Leave out the pictures and set down the rest of the listing below word for word.

SOURCE DATA:

____________________

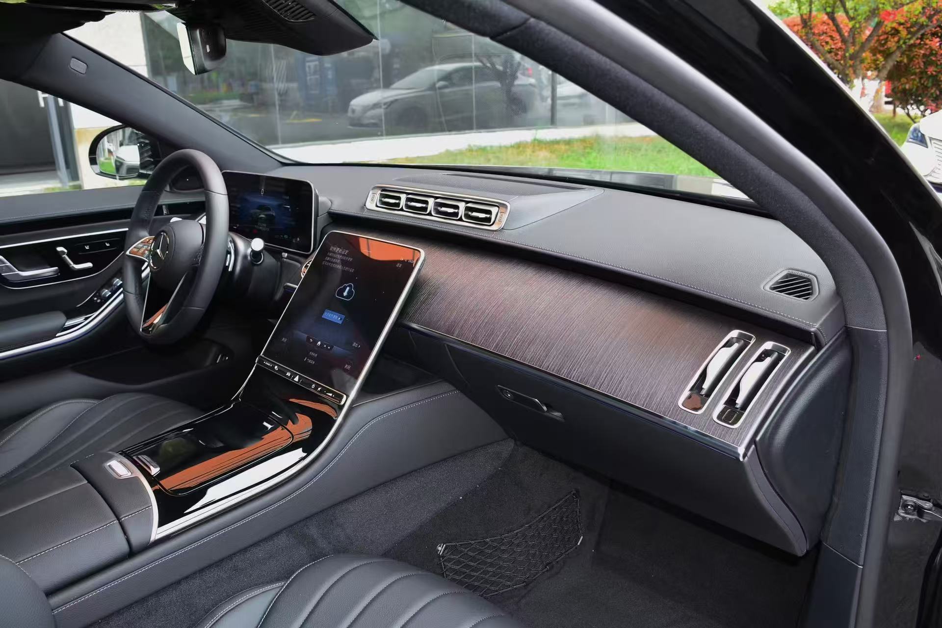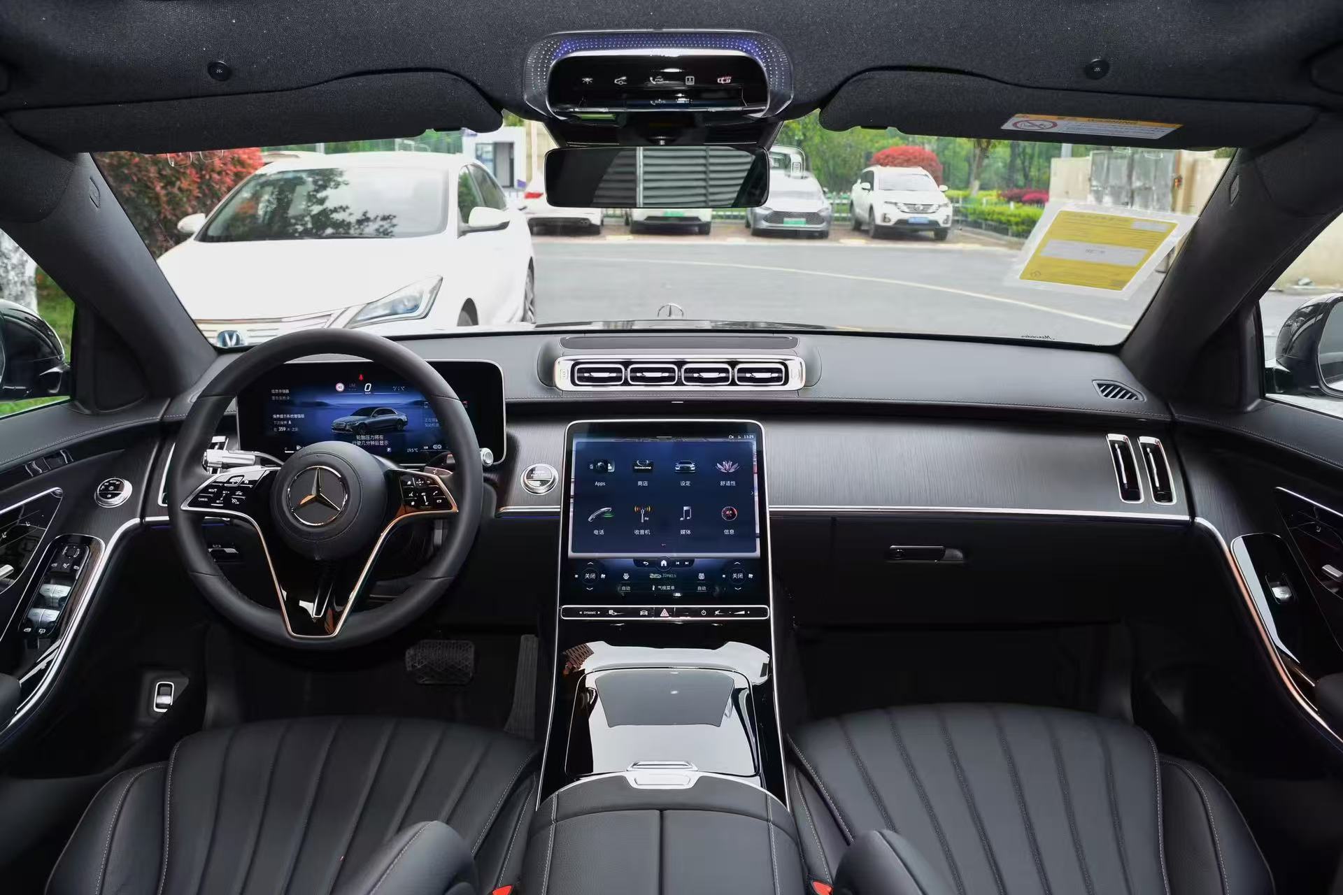 内饰与配置:中控配备12.8英寸OLED中央显示屏与12.3英寸3D数字仪表屏,可与后排7英寸MBUX平板电脑及双11.6英寸后排娱乐屏实现多屏联动。搭载MBUX智能人机交互系统,支持多区识别的“读心语音助理”,前排还有带实景穿越功能的HUD平视显示系统。
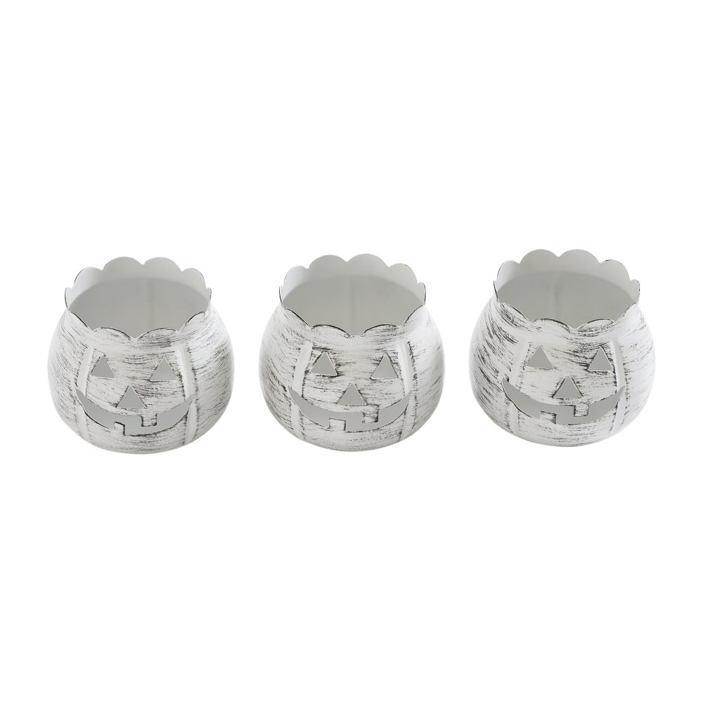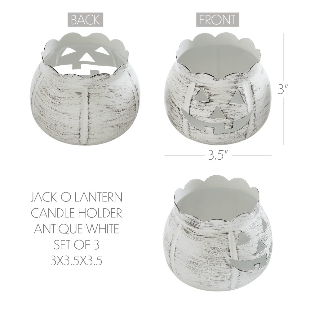 • DETAILED CRAFTSMANSHIP & DIMENSIONS: Crafted from durable metal for lasting quality, this set of three antique white Jack-O-Lantern candle holders showcases detailed features including a classic pumpkin shape with iconic grins, a delicately scalloped rim, and a subtly distressed finish, with each piece precisely measuring 3 inches wide by 3.5 inches high (3″W x 3.5″H) to perfectly accommodate votive or tealight candles on any tabletop or centerpiece.
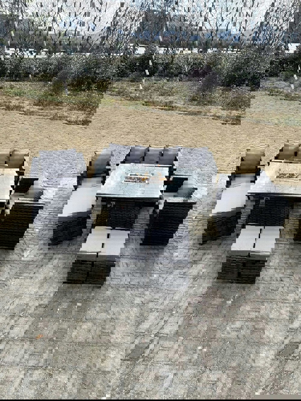 Bring relaxed outdoor dining to your patio or garden with this deluxe rattan sofa dining set, complete with a gas fire pit dining table. Designed for social evenings outdoors, it pairs generous seating with a central fire pit feature for a practical, all-in-one layout.
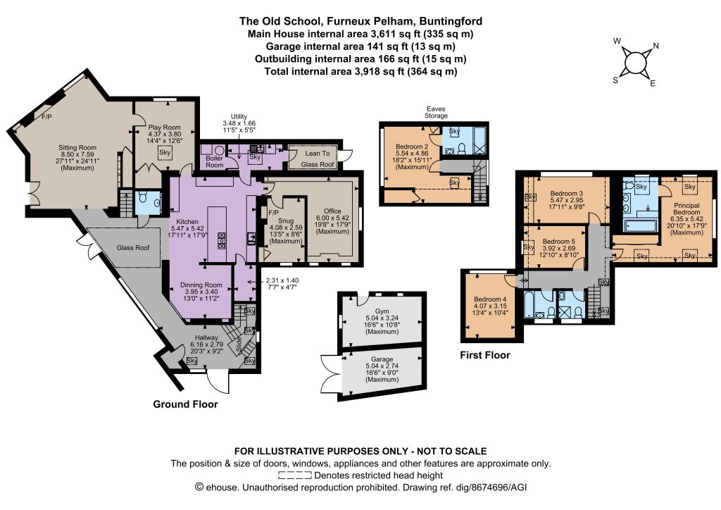 Outside At the front of the property, the gravel driveway provides parking space for several vehicles, as well as access to the garaging block. The gardens to the rear are south-facing and welcome plenty of sunlight throughout the day. They include decking shaded by a pergola across the back of the house, with an area of lawn beyond, further terracing for al fresco dining and bordered of timber fencing and mature trees.

____________________

WORKED SOLUTION:
 内饰与配置:中控配备12.8英寸OLED中央显示屏与12.3英寸3D数字仪表屏,可与后排7英寸MBUX平板电脑及双11.6英寸后排娱乐屏实现多屏联动。搭载MBUX智能人机交互系统,支持多区识别的“读心语音助理”,前排还有带实景穿越功能的HUD平视显示系统。
 • DETAILED CRAFTSMANSHIP & DIMENSIONS: Crafted from durable metal for lasting quality, this set of three antique white Jack-O-Lantern candle holders showcases detailed features including a classic pumpkin shape with iconic grins, a delicately scalloped rim, and a subtly distressed finish, with each piece precisely measuring 3 inches wide by 3.5 inches high (3″W x 3.5″H) to perfectly accommodate votive or tealight candles on any tabletop or centerpiece.
 Bring relaxed outdoor dining to your patio or garden with this deluxe rattan sofa dining set, complete with a gas fire pit dining table. Designed for social evenings outdoors, it pairs generous seating with a central fire pit feature for a practical, all-in-one layout.
 Outside At the front of the property, the gravel driveway provides parking space for several vehicles, as well as access to the garaging block. The gardens to the rear are south-facing and welcome plenty of sunlight throughout the day. They include decking shaded by a pergola across the back of the house, with an area of lawn beyond, further terracing for al fresco dining and bordered of timber fencing and mature trees.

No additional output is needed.